Front and rear the Ratcliffes were taken. Confused, hard pressed on every side, their blows grew wilder and more flurried. But still they held to it, and Wayne's four brothers had cause to thank the hard, monotonous hours they had spent in learning tricks of fence.
All was changed on the sudden. There had been quick breathing of striving swordsmen, and quiet, deep breaths of silent watchers—a quiet which Hiram Hey's conflict at the far side of the pinfold had scarce ruffled. But now it seemed as if Bedlam had let loose a second strife of tongues. The farm-men, maddened by the sight of blows, ran in at one another and fought for Wildwater or for Marsh. The dogs played Merry-Andrew with the sheep, and scattered them wide across the moor, and still pursued them. Cries of men, bleating of bewildered ewes, wild barking of dogs a-holydaying—and then, clear above all, Griff's shrill cry, "They flee, they free!"—and after that three flying horsemen steering a zig-zag course through sheep and dogs and wrestling farm-folk.
And over all was the splendour of the mid-day sun, the wind among the ling, the deep, unalterable silence that lies forever at the moor's heart, whether men live or die, whether they fight or drink in peace together. Only the plover heeded the swift fight, and screamed their plaudits to the victors.
CHAPTER XX
HOW THEY WAITED AT THE BOUNDARY-STONE
Red Ratcliffe, and the two who had come through the fight with him, checked their headlong gallop when at last the pursuit died far in their wake. Their shoulders were bunched forward, their heads downcast; and not till the surly pile of Wildwater showed half a league from them across the moor did they break silence.

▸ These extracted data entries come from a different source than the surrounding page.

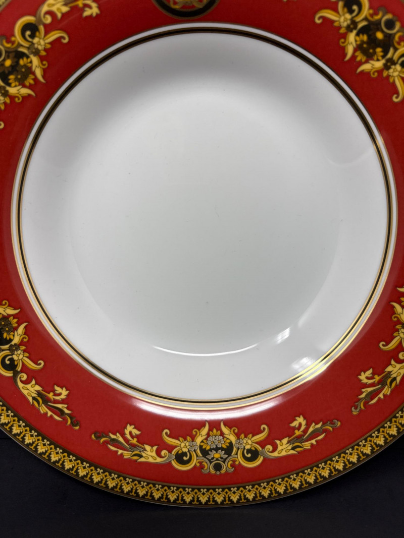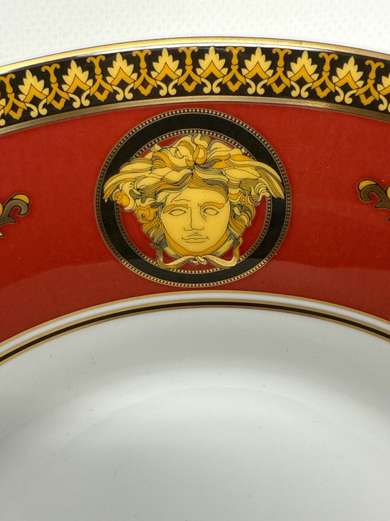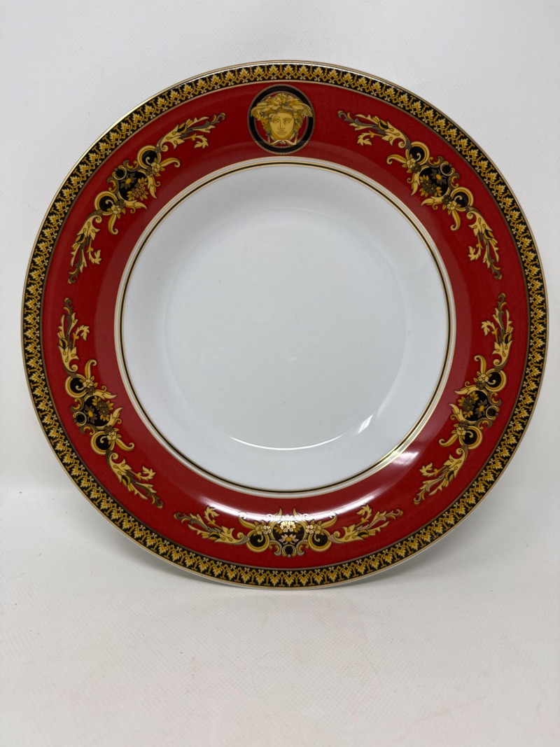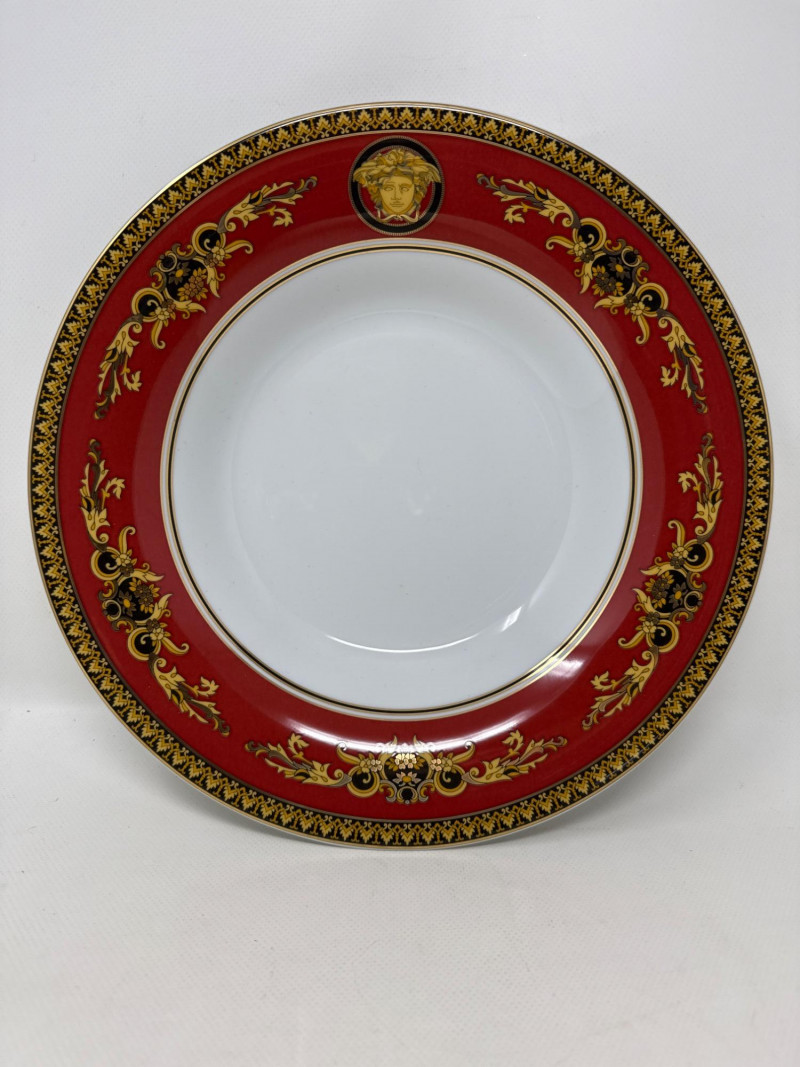 Striking Versace “Medusa Red” porcelain bowl, crafted in collaboration with Rosenthal. This 12" service bowl showcases the iconic Medusa head motif in vivid red and gold detailing, emblematic of Versace’s opulent design language. Design Features Produced by Rosenthal under the “Meets Versace” collection Bold red background with intricate gold accents and central Medusa emblem Made in Germany; fine porcelain construction Diameter: 12 inches Condition
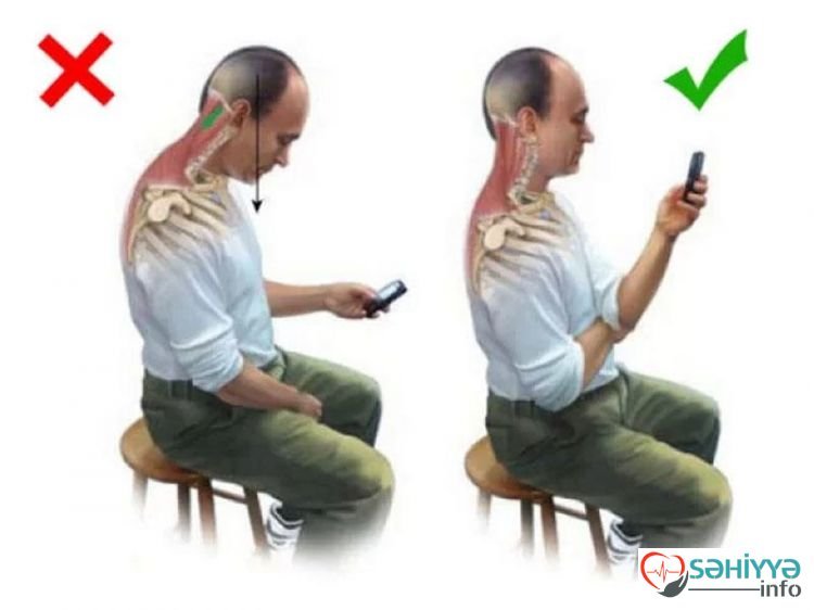 Telefona baxarkən daim başın və boyunun aşağı bucaq altında əyilməsi ağırlıq boynun fəqərələri üzərinə düşür. Boyun gün ərzində bu vəziyyətdə duruş üçün nəzərdə tutulmayıb.
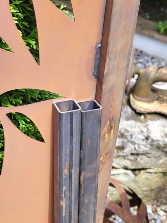 Der Edelrost Paravent "Schirmbambus" kann sowohl als Dekoelement, sowie natürlich als Sichtschutz zum Einsatz kommen.

"There'll be a queer welcome for us from the Lean Man," said one.
"Ay, he'll shake off his palsy when we come to him with the tale of four men left behind us," answered Red Ratcliffe gloomily. "Lord, how his lip will curl! And his eyes will prick one like a sword-point, cold and bright and grey. And he'll flay our tempers raw with gibes."
"Still, there's but one of the four killed outright; and when those boggart-shielded Waynes have left, we can return to help the wounded. They'll not butcher them, think'st thou?"
"Nay," sneered the third; "'tis part of their foul pride to play the woman after victory. Like as not they'll set them on some grassy hillock, with a wall to shield the sun from them, and give them drink, and nurse them into health against the next fight."